Background of invention:
Azelnidipine (Azelnidipine), chemistry 3-(1-diphenyl-methyl azetidin-3-yl) 5-sec.-propyl 2-amino-1 by name, 4-dihydro-6-methyl-4-(3-nitrophenyl)-3,5-pyridine dicarboxylate, is developed and is got permission to go on the market in Japan in late May, 2003 by Japanese Sankyo Co., Ltd.The synthetic method of existing Azelnidipine is loaded down with trivial details, and the preparation of intermediate (VI) takes column chromatography method, and the purifying of product (I) is also used column chromatography method, is not suitable for suitability for industrialized production.
Summary of the invention:
Main purpose of the present invention has been to provide a kind of preparation method who is suitable for the Azelnidipine of industrial application.

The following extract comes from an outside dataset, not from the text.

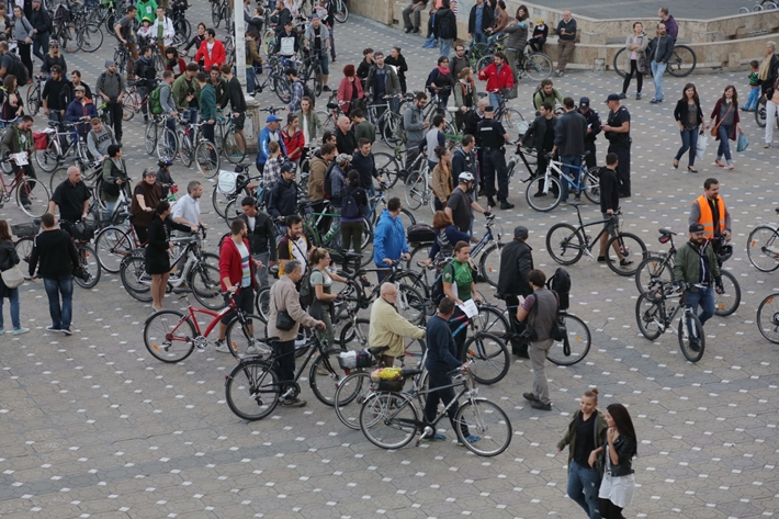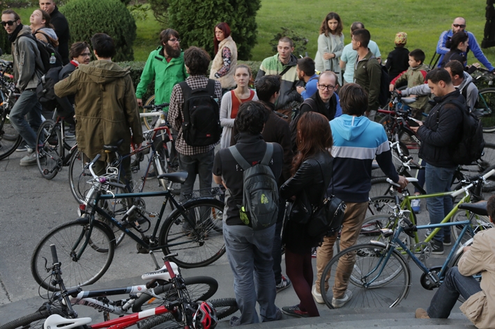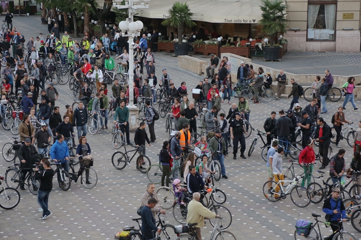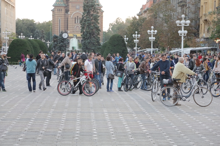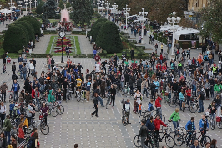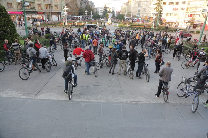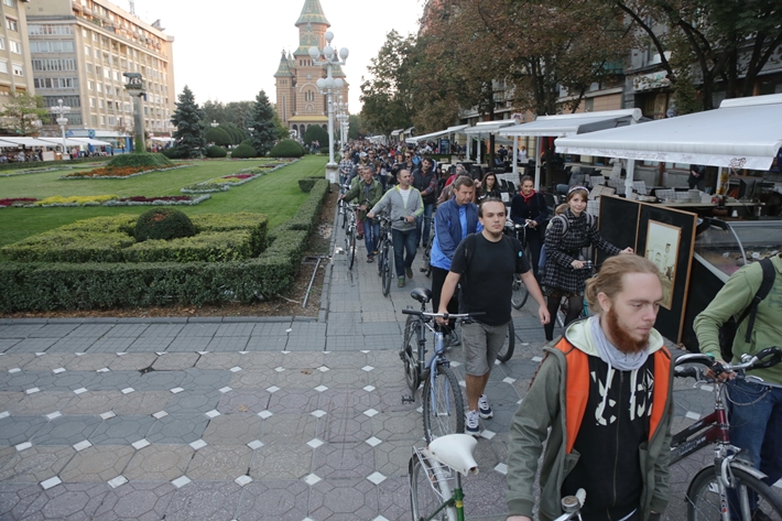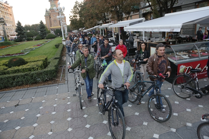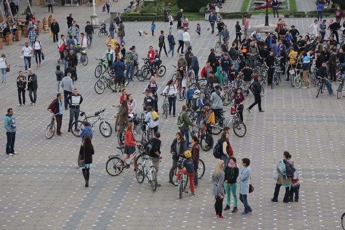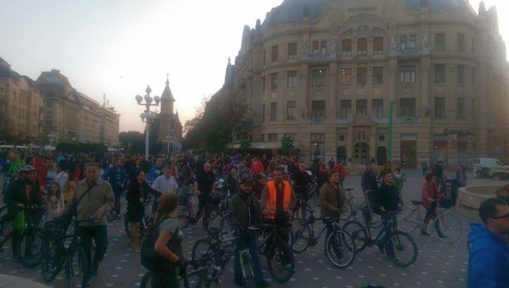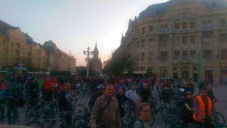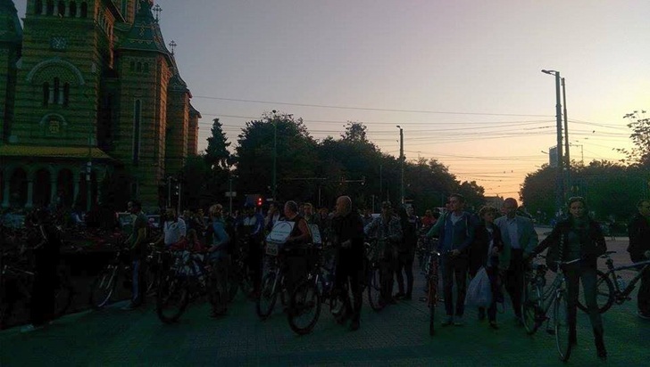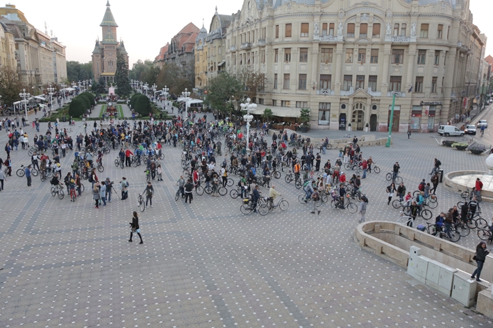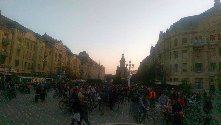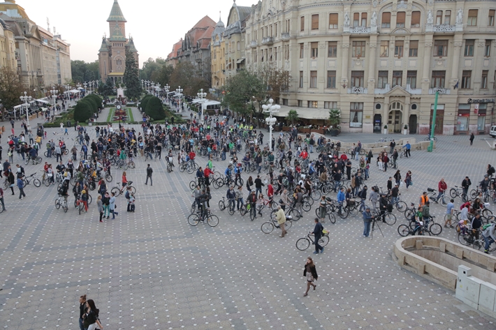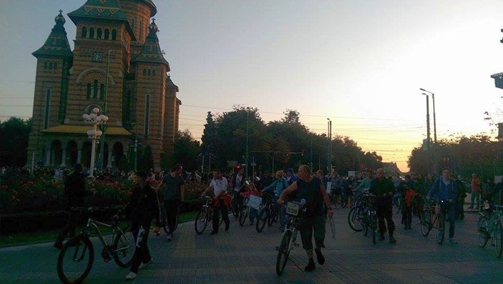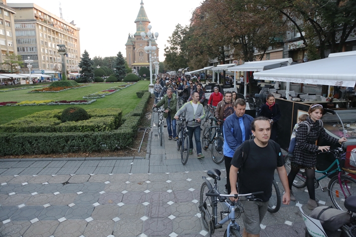 Locul de adunare a fost platoul din fata Catedralei Mitropolitane, un loc simbol pentru Timisoara, unde inainte de ora 18.00 au inceput sa vina tineri, copii, parinti si bunici cu bicicletele.

Technical scheme of the present invention is:
A preparation method for Azelnidipine, it is characterized in that preparing through following steps.
The first step 3-nitrobenzaldehyde (II) is prepared 2-with ISOPROPYL ACETOACETATE effect, and (3-nitrobenzal and ISOPROPYL ACETOACETATE (III), make solvent with Virahol.
Second step is under alkaline condition, and benzhydrylamine (IV) and epoxy chloropropane effect, prepare 1-diphenyl-methyl-3-hydroxy azetidine (V).
The 3rd step 1-diphenyl-methyl-3-hydroxy azetidine (V), at N, with cyanoacetic acid effect, is prepared cyanoacetic acid (1-dibenzo-p-methyl-aza-cyclobutane-3-yl) ester (VI) under the effect of N '-dicyclohexyl diimine.
The 4th step cyanoacetic acid (1-dibenzo-p-methyl-aza-cyclobutane-3-yl) ester (VI) and hydrogenchloride effect, prepare amidino groups acetic acid (1-dibenzo-p-methyl-aza-cyclobutane-3-yl) ester acetate (VII), with methylene dichloride, makees solvent.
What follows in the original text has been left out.